- Dataset excerpt
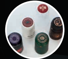
Capsules for all application
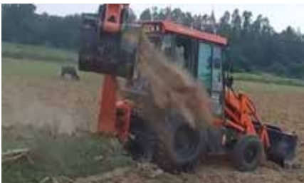
Shinrai Demo in dirt CAG Salem
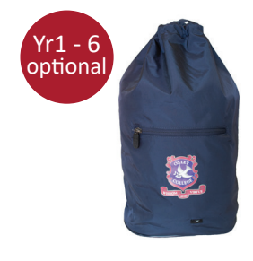
Havasak Sports Bag
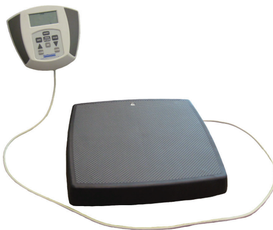
Remote Display can be mounted on a wall or placed on a table

- What is being asked
Reproduce the data exactly, please, and omit its pictures.

- Exercise response
Capsules for all application
Shinrai Demo in dirt CAG Salem
Havasak Sports Bag
Remote Display can be mounted on a wall or placed on a table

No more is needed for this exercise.